## Exercise objective
Would you copy the records exactly, leaving the pictures out?

*** Given records

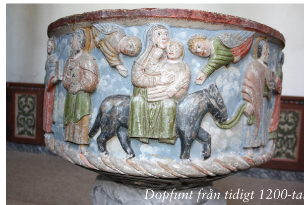
Dopfont från tidigt 1200-tal

Foten har utsmyckats med fyra huvuden i rundskulptur, och mellan dem människo- och djurfigurer i relief. Cuppan tillskrivs Calcarius Secundus och foten till mästaren Calcarius Primus. År 1707 färgglades dopfunten.
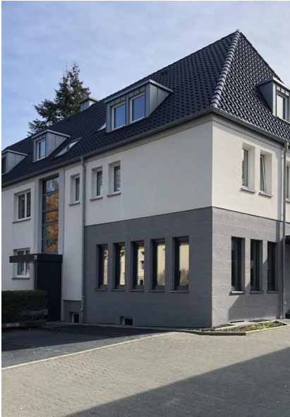
Parkstr. 31, 59425 Unna
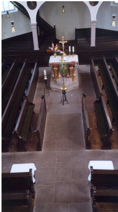
Chorraum vor der Renovierung

Neue Prinzipalstücke: M. Fuchs und C. Beysser 69234 Balzfeld
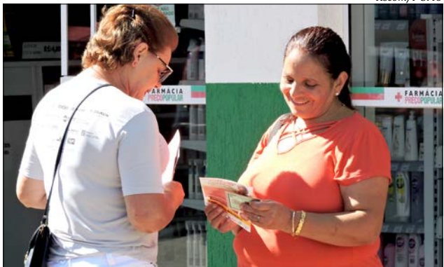
Equipe entregou folder's e adesivos para conscientização do público feminino
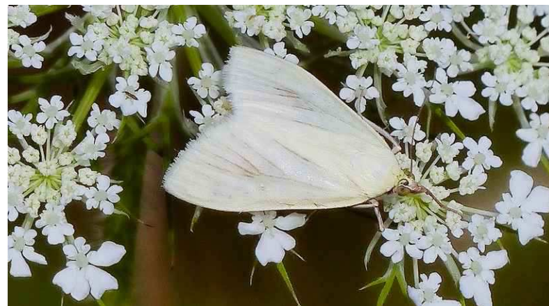
Bruidsmot. Hero Moorlag
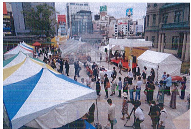
รูปที่ ๓ (ซ้าย) นายโสรัจ สุขถาวร กงสุลใหญ่ ณ เมืองฟูกูโอกะ นำปลัดกระทรวงวัฒนธรรมชมงานเทศกาลไทยฯ (ขวา) บรรยากาศภายในงานเทศกาลไทยฯ
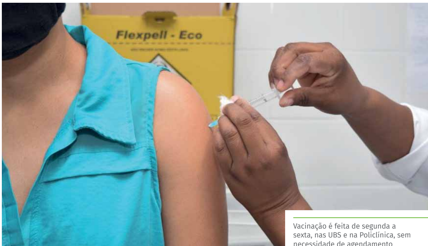
Vacinação é feita de segunda a sexta, nas UBS e na Policlínica, sem necessidade de agendamento

Em março, a Prefeitura de Cachoeiro realizará o sorteio de três smartphones para quem estiver com a vacinação em dia. Poderão participar: adolescentes de 12 a 17 anos que tomarem a primeira ou segunda dose; adultos de 18 a 59 anos que tomarem a dose de reforço – disponível após quatro meses do recebimento da segunda dose – e pessoas de 60 anos ou mais que tomarem a terceira dose (reforço), disponível, para este público, três meses após a segunda aplicação.
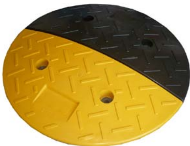
Tempoteller Art.-Nr. 159 136 AG Euro -
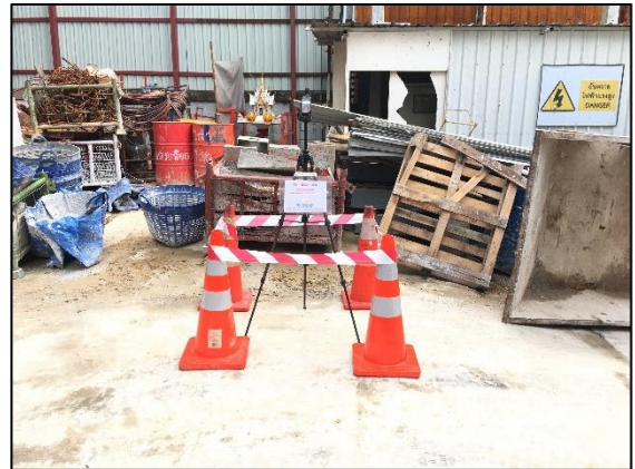
บริเวณพื้นที่โครงการ (พิกัด : 13°44'31.6" N, 100°32'44.2" E)
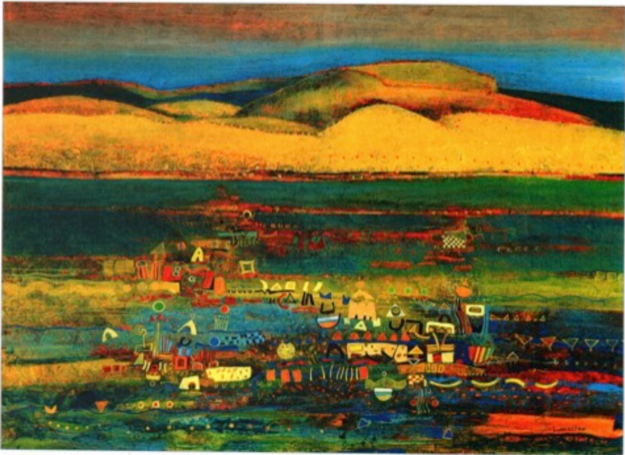
"Brume", huile sur toile, 130 x 97 cm
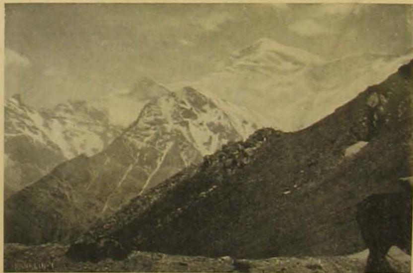
A jéggel borított hegyoldalak.
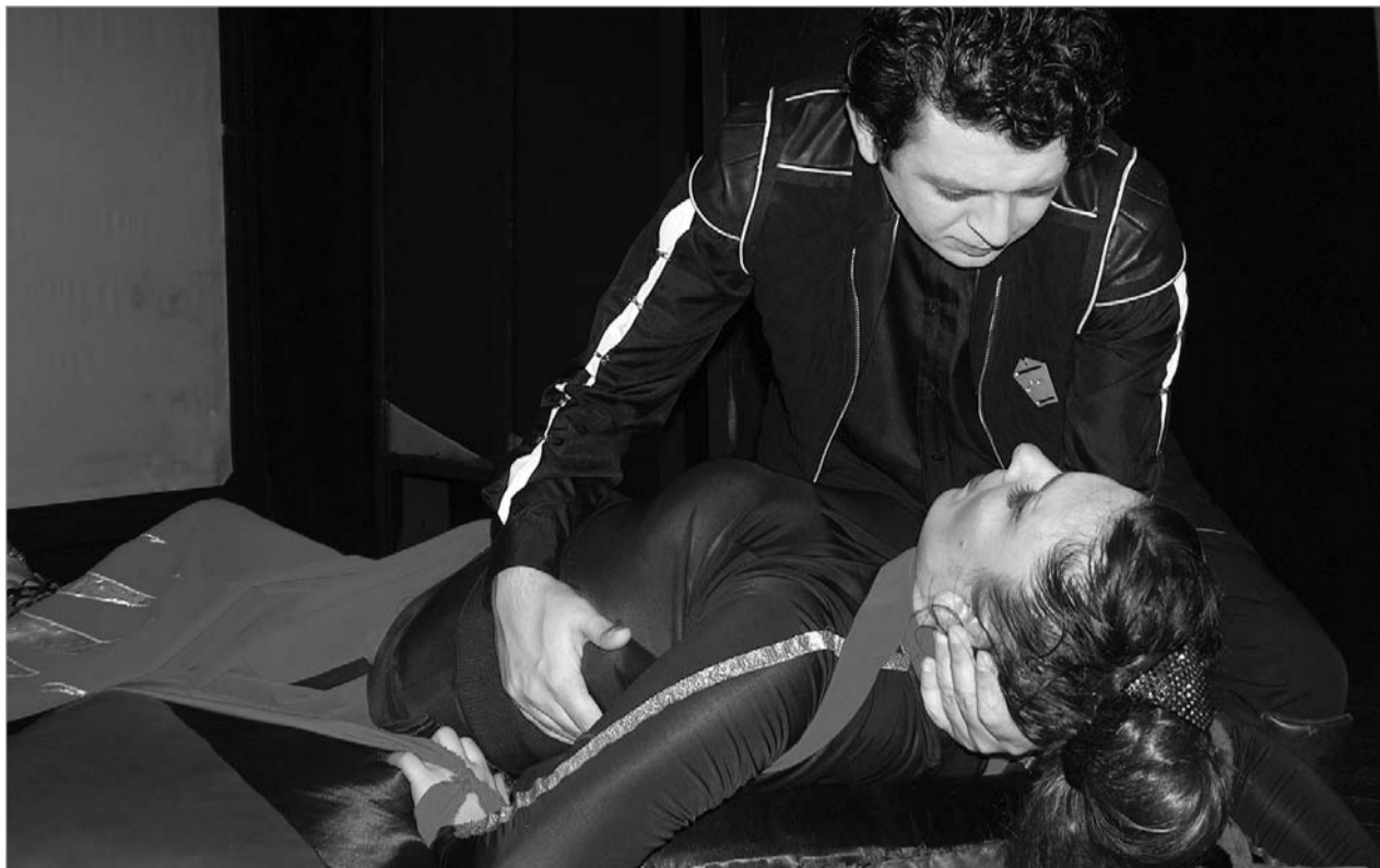
სცენა სპექტაკლიდან "451° F"

სამსახიობო ოსტატობის მხრივ, ამ შემთხვევაშიც იგივე პრობლემებთან გვაქვს საქმე, რომლებსაც მხოლოდ რეგიონალურ თეატრებში არ ვაწყდებით. ფოთის თეატრის მაგალითზე, ძალიან გამიჭირდება ისეთი მსახიობის დასახელება, რომელიც ამ საქმეში ბოლომდე დაოს-
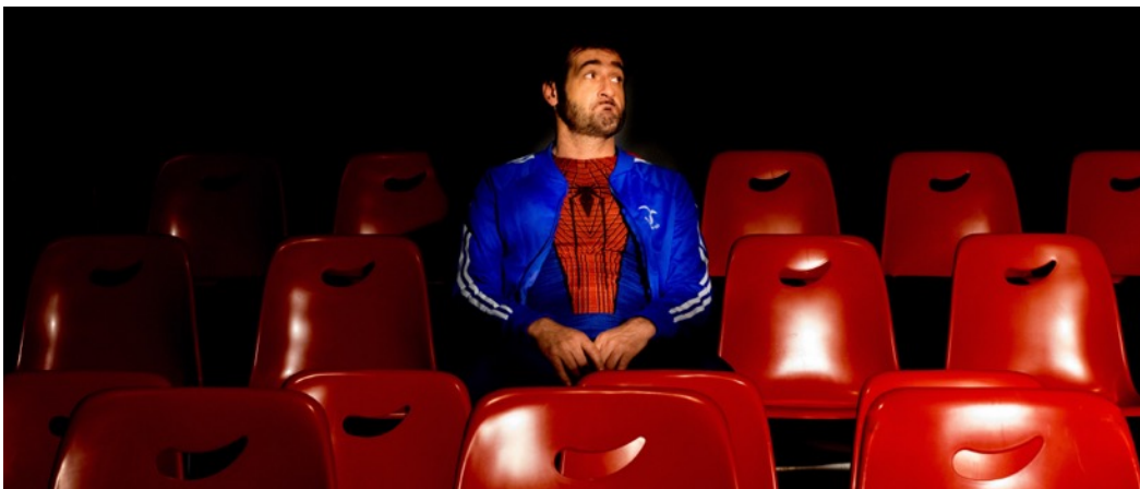
«L'héroïsme au temps de la grippe aviaire »
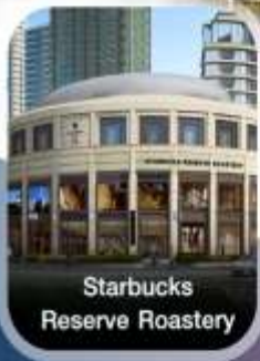
Starbucks Reserve Roastery

เทศกาล สงกรานต์ ✓คอนเฟิร์มออกเดินทาง ทุกพีเรียด 2 ท่านขึ้นไป
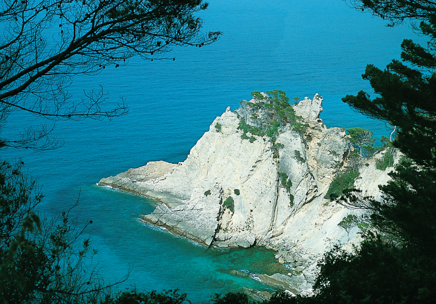
Schilderachtige kalkrotsen op de Punta de s'Aguila.

sage van de route. Machtige rotsbrokken liggen verloren langs het pad. Tussen de dennentoppen door vangt u zo nu en dan een glimp van de turquoise Cala Corp Mari op. Bijzonder pittoresk contrasteren daar de witte kalkrotsen op de Punta de s'Aguila mee, die associaties met Caspar David Friedrichs schilderij "Krijtrotsen op Rügen" opwekken.
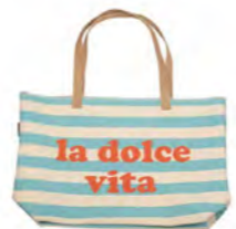
9839 | 57 64 x 40 cm (S. / P. 4)
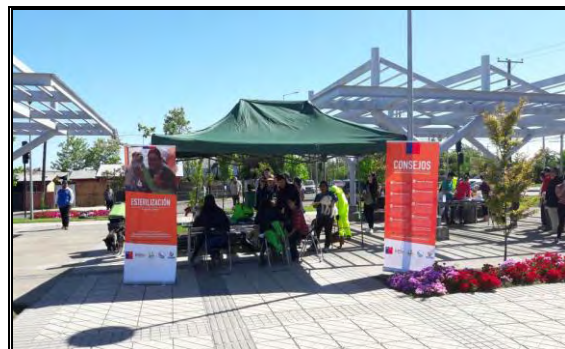
Imagen N°6: Operativo Plaza Feria (11/11/2017)
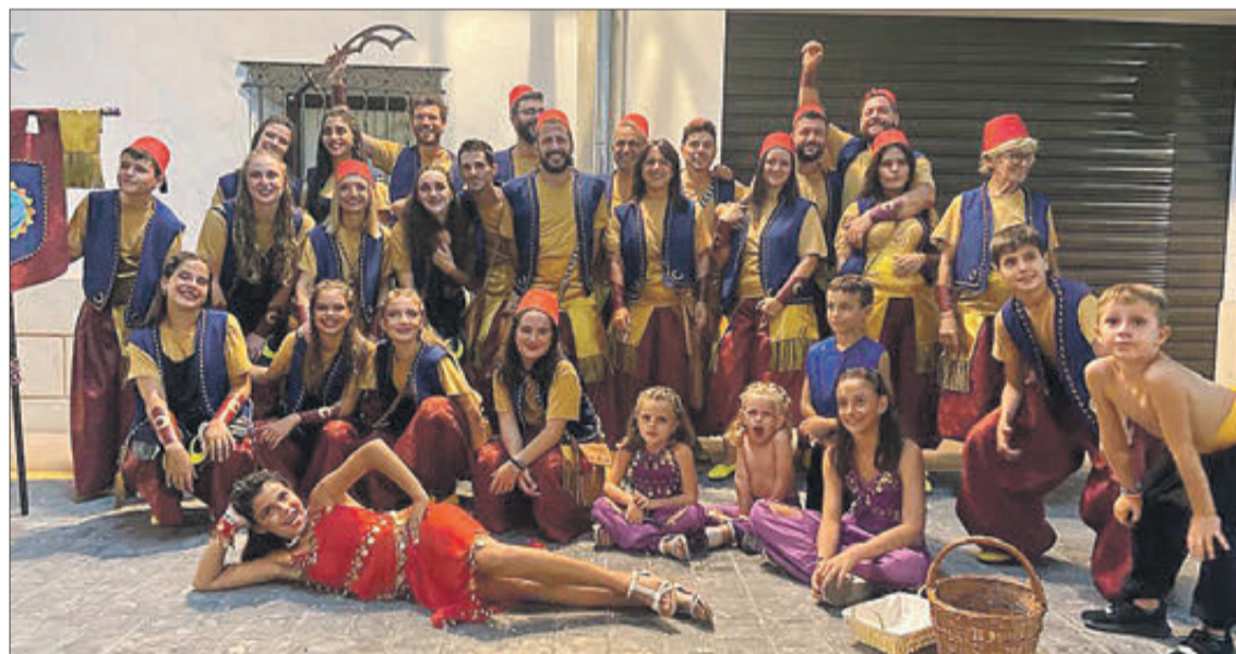
A Benàmer hi va haver campionat de cotos i entrada de moros i cristians, entre altres moltes activitats.
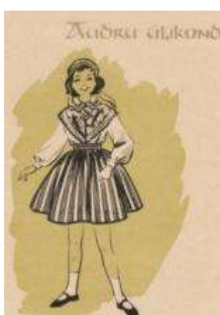
Joonis 20. Audru tütarlaps
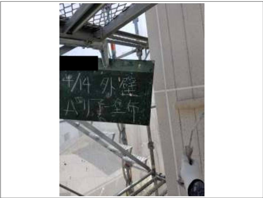
外壁 バリアー塗布
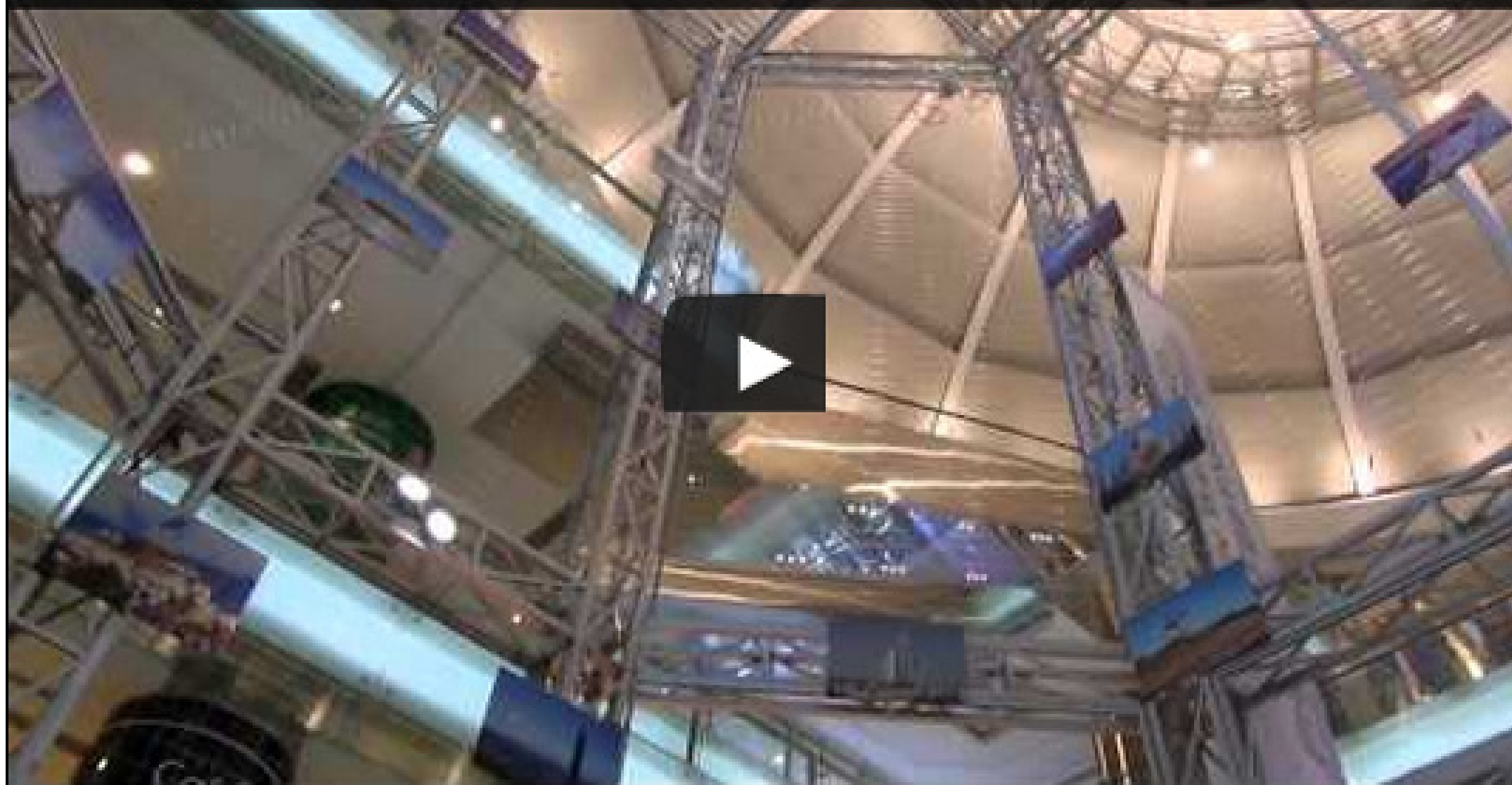
ezone.hk @ 荃灣廣場 Photo Festival 室內航拍競技場示範

即 click 下圖，專業導師 Benny 示範如何在逾 11 米室內航拍競技場高飛而不失霸氣！Benny 話航拍無人機即使有定位功能，但在高度逾 3 米以上就開始無效，你留意 Benny 隻機飛到上 11 米仲好狠堅定，機身無乜失衡飄搖，絕堅！有興趣報名嘅 ezone.hk 粉絲落足眼力，在這高籠裡貼滿 30 張圖片，你能夠在幾分鐘內駕駛航拍無人機把它們一一拍照集郵嗎？

******

## Result of this exercise
Dopfont från tidigt 1200-tal

Foten har utsmyckats med fyra huvuden i rundskulptur, och mellan dem människo- och djurfigurer i relief. Cuppan tillskrivs Calcarius Secundus och foten till mästaren Calcarius Primus. År 1707 färgglades dopfunten.
Parkstr. 31, 59425 Unna
Chorraum vor der Renovierung

Neue Prinzipalstücke: M. Fuchs und C. Beysser 69234 Balzfeld
Equipe entregou folder's e adesivos para conscientização do público feminino
Bruidsmot. Hero Moorlag
รูปที่ ๓ (ซ้าย) นายโสรัจ สุขถาวร กงสุลใหญ่ ณ เมืองฟูกูโอกะ นำปลัดกระทรวงวัฒนธรรมชมงานเทศกาลไทยฯ (ขวา) บรรยากาศภายในงานเทศกาลไทยฯ
Vacinação é feita de segunda a sexta, nas UBS e na Policlínica, sem necessidade de agendamento

Em março, a Prefeitura de Cachoeiro realizará o sorteio de três smartphones para quem estiver com a vacinação em dia. Poderão participar: adolescentes de 12 a 17 anos que tomarem a primeira ou segunda dose; adultos de 18 a 59 anos que tomarem a dose de reforço – disponível após quatro meses do recebimento da segunda dose – e pessoas de 60 anos ou mais que tomarem a terceira dose (reforço), disponível, para este público, três meses após a segunda aplicação.
Tempoteller Art.-Nr. 159 136 AG Euro -
บริเวณพื้นที่โครงการ (พิกัด : 13°44'31.6" N, 100°32'44.2" E)
"Brume", huile sur toile, 130 x 97 cm
A jéggel borított hegyoldalak.
სცენა სპექტაკლიდან "451° F"

სამსახიობო ოსტატობის მხრივ, ამ შემთხვევაშიც იგივე პრობლემებთან გვაქვს საქმე, რომლებსაც მხოლოდ რეგიონალურ თეატრებში არ ვაწყდებით. ფოთის თეატრის მაგალითზე, ძალიან გამიჭირდება ისეთი მსახიობის დასახელება, რომელიც ამ საქმეში ბოლომდე დაოს-
«L'héroïsme au temps de la grippe aviaire »
Starbucks Reserve Roastery

เทศกาล สงกรานต์ ✓คอนเฟิร์มออกเดินทาง ทุกพีเรียด 2 ท่านขึ้นไป
Schilderachtige kalkrotsen op de Punta de s'Aguila.

sage van de route. Machtige rotsbrokken liggen verloren langs het pad. Tussen de dennentoppen door vangt u zo nu en dan een glimp van de turquoise Cala Corp Mari op. Bijzonder pittoresk contrasteren daar de witte kalkrotsen op de Punta de s'Aguila mee, die associaties met Caspar David Friedrichs schilderij "Krijtrotsen op Rügen" opwekken.
9839 | 57 64 x 40 cm (S. / P. 4)
Imagen N°6: Operativo Plaza Feria (11/11/2017)
A Benàmer hi va haver campionat de cotos i entrada de moros i cristians, entre altres moltes activitats.
Joonis 20. Audru tütarlaps
外壁 バリアー塗布
ezone.hk @ 荃灣廣場 Photo Festival 室內航拍競技場示範

即 click 下圖，專業導師 Benny 示範如何在逾 11 米室內航拍競技場高飛而不失霸氣！Benny 話航拍無人機即使有定位功能，但在高度逾 3 米以上就開始無效，你留意 Benny 隻機飛到上 11 米仲好狠堅定，機身無乜失衡飄搖，絕堅！有興趣報名嘅 ezone.hk 粉絲落足眼力，在這高籠裡貼滿 30 張圖片，你能夠在幾分鐘內駕駛航拍無人機把它們一一拍照集郵嗎？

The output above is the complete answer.